Temuan KPK, Ada Pejabat di Makassar Punya 4 Kendaraan Dinas

Sindonews · Rabu, 11 September 2019 - 08:45 WIB
Temuan KPK, Ada Pejabat di Makassar Punya 4 Kendaraan Dinas

Ilustrasi mobil dinas. (Foto: Dok iNews).

MAKASSAR, iNews.id - Tim Korsupgah KPK RI Wilayah VIII mendapati ada pejabat di lingkup Pemerintah Kota (Pemkot) Makassar yang mempunyai lebih dari satu kendaraan dinas. Namun identitas oknum tersebut masih belum bisa diungkap ke publik.

Temuan ini disampaikan Ketua Tim Korsupgah KPK RI Wilayah VIII, Dwi Aprilia Linda, saat melakukan monitoring dan evaluasi ke empat daerah di Sulawesi Selatan (Sulsel).
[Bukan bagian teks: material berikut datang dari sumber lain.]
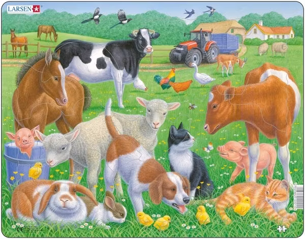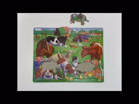 Detta fina pussel från Larsen pussel passar perfekt för den lilla djurälskaren! När pusslet läggs syns olika bondgårdsdjur.
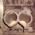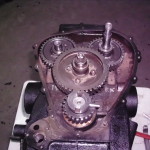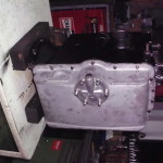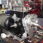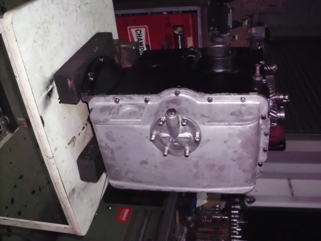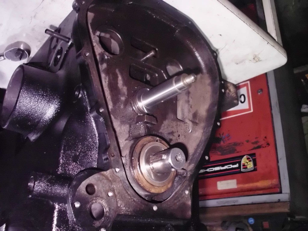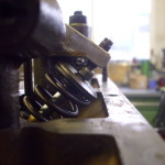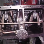 Die Lagerschalen der Hauptlagerung wurden neu ausgegossen und in den Motorblock eingebaut. Auf dem Horizontalbohrwerk wurde die Hauptlagergasse auf das Maß der frisch geschliffenen Kurbelwelle gebohrt.

"Jangankan dua mobil, sepeda motor empat ada (yang kuasai)," kata Dwi kepada wartawan di Kota Makassar, Sulsel, Selasa (10/9/2019).

BACA JUGA: Atasi Macet, Makassar Akan Berlakukan Kebijakan Ganjil Genap

Dia mengaku kesal dengan temuan ini. Karena para pejabat tersebut tidak seharusnya menguasai lebih dari satu unit kendaraan. Menurut dia, selama ini di lingkup Pemkot Makassar memang belum ada penertiban aset khususnya kendaraan dinas, sehingga terjadi hal seperti itu.

KPK, kata dia, meminta agar kendaraan yang dikuasai segera dikembalikan. Hal ini menjadi catatan pada bagian aset pemerintah kota untuk memetakan penguasaan kendaraan dinas lebih dari satu unit.

"Siapa yang menguasai dua atau lebih dari kendaraan dinas kembalikan salah satunya. Di Pemkot Makassar itu sedang ditertibkan. Kalau tidak kooperatif baru disampaikan ke media," ujar dia.

Perilaku aparatur sipil negeri (ASN) seperti ini berisiko merugikan negara lewat anggaran pengadaan kendaraan dinas yang semestinya tidak perlu. Mirisnya, bila pejabat yang memiliki lebih dari satu kendaraan dinas, lalu meminta tambahan lagi.

BACA JUGA: Dugaan Kasus Pelecehan Seksual Kadis di Jeneponto, Keluarga Korban Usir Pelaku

"Bisa membengkak anggaran untuk pengadaan. Padahal sebenarnya sudah tidak perlu lagi," katanya.

Sekretaris Kota Makassar, M Ansar, membenarkan temuan KPK tersebut. Dia tidak menampik ada jajaran organisasi perangkat daerah (OPD) yang menguasai kendaraan dinas lebih dari satu.

"Iya, kita akan instruksikan agar BPKAD segera memetakan aset, utamanya kendaraan dinas," kata Ansar.